Because the WaitHandle class derives from MarshalByRefObject, these classes can be used to synchronize the activities of threads across application domain boundaries.

Threads can block on an individual wait handle by calling the instance method WaitOne. In addition, the WaitHandle class has overloaded static methods for waiting until all of a specified set of wait handles have been signaled (WaitAll), or waiting until any one of a specified set of wait handles has been signaled (WaitAny). The overloads of these methods provide timeout intervals for abandoning the wait, and the opportunity to exit a synchronization context before entering the wait, allowing other threads to use the synchronization context.

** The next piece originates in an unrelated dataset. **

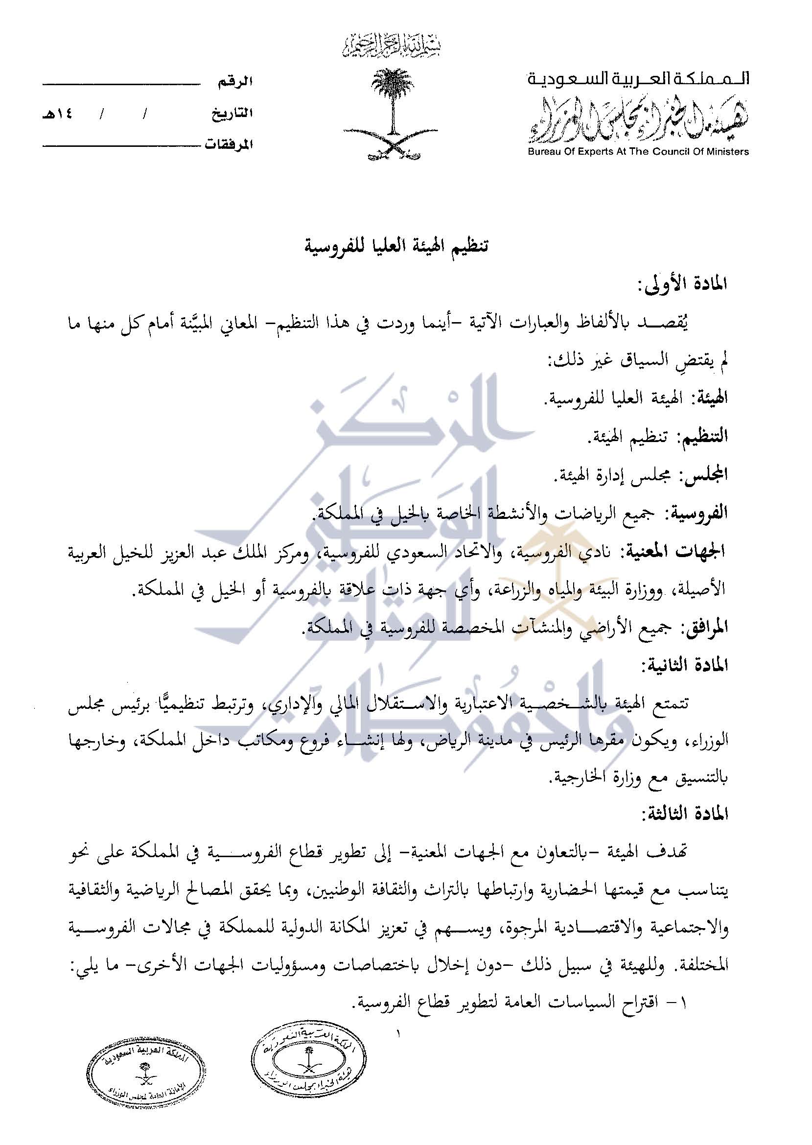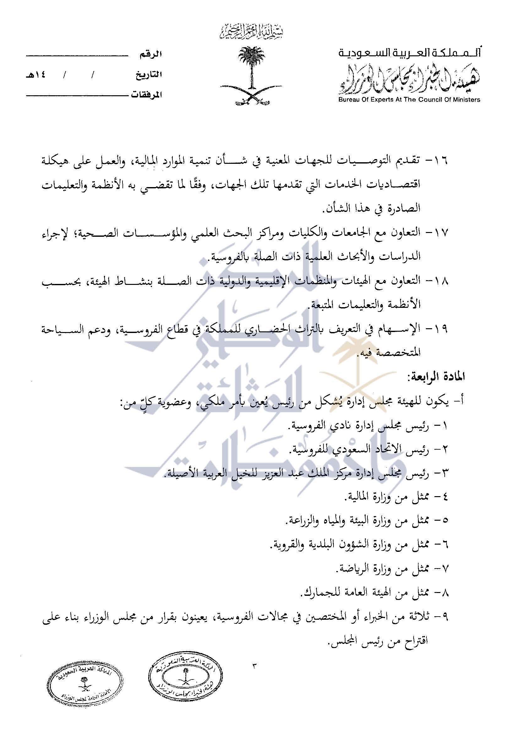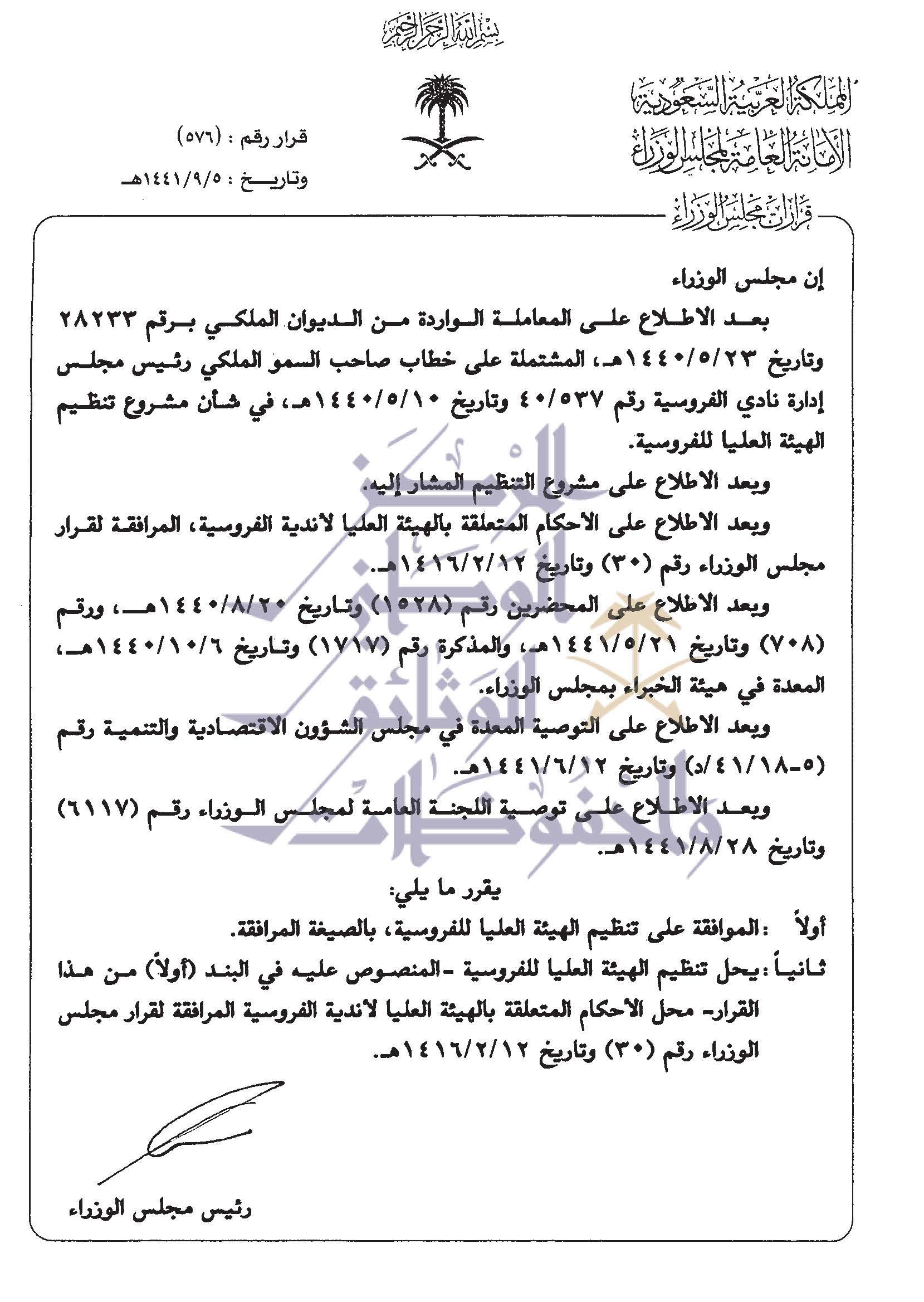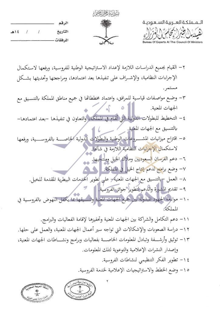 صيغة عمل الهئية العليا للفروسية التي وافق عليها مجلس الوزراء في الجلسة الماضية
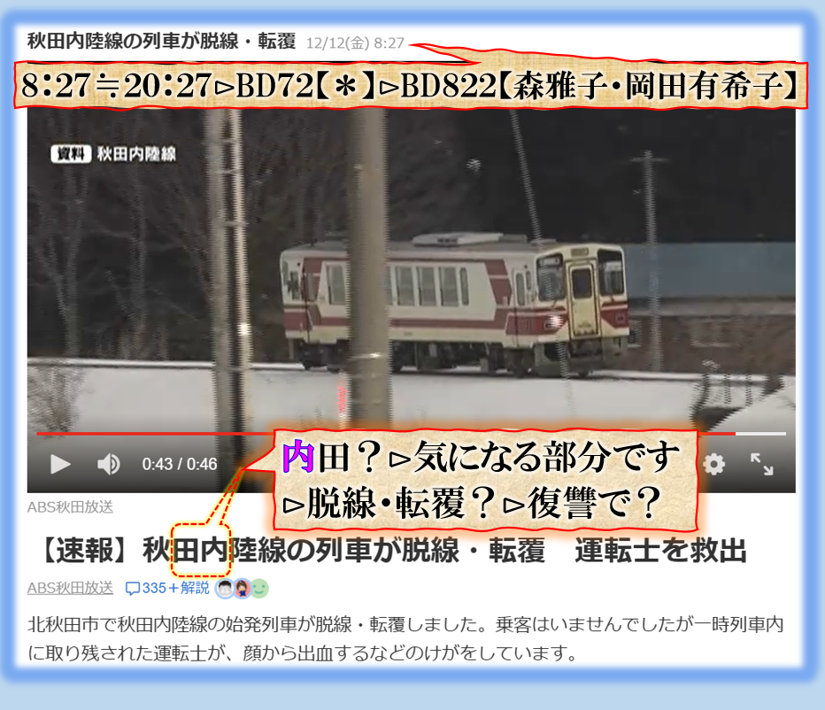 @1212⊳秋田内陸線が脱線転覆❓

In the .NET Framework version 2.0, wait handles also have the static SignalAndWait method, which allows a thread to signal one wait handle and immediately wait on another.

The derived classes of WaitHandle differ in their thread affinity. Event wait handles (EventWaitHandle, AutoResetEvent, and ManualResetEvent) and semaphores do not have thread affinity. Any thread can signal an event wait handle or semaphore. Mutexes, on the other hand, do have thread affinity. The thread that owns a mutex must release it; an exception is thrown if a thread calls the ReleaseMutex method on a mutex that it does not own.

See Also

Concepts

Mutexes

Semaphore and SemaphoreSlim

Other Resources

Managed Threading

Threading Objects and Features

EventWaitHandle, AutoResetEvent, CountdownEvent, and ManualResetEvent

Change History

Date

History

Reason

April 2011

Correction: The WaitHandle.SignalAndWait method is not atomic.

Customer feedback.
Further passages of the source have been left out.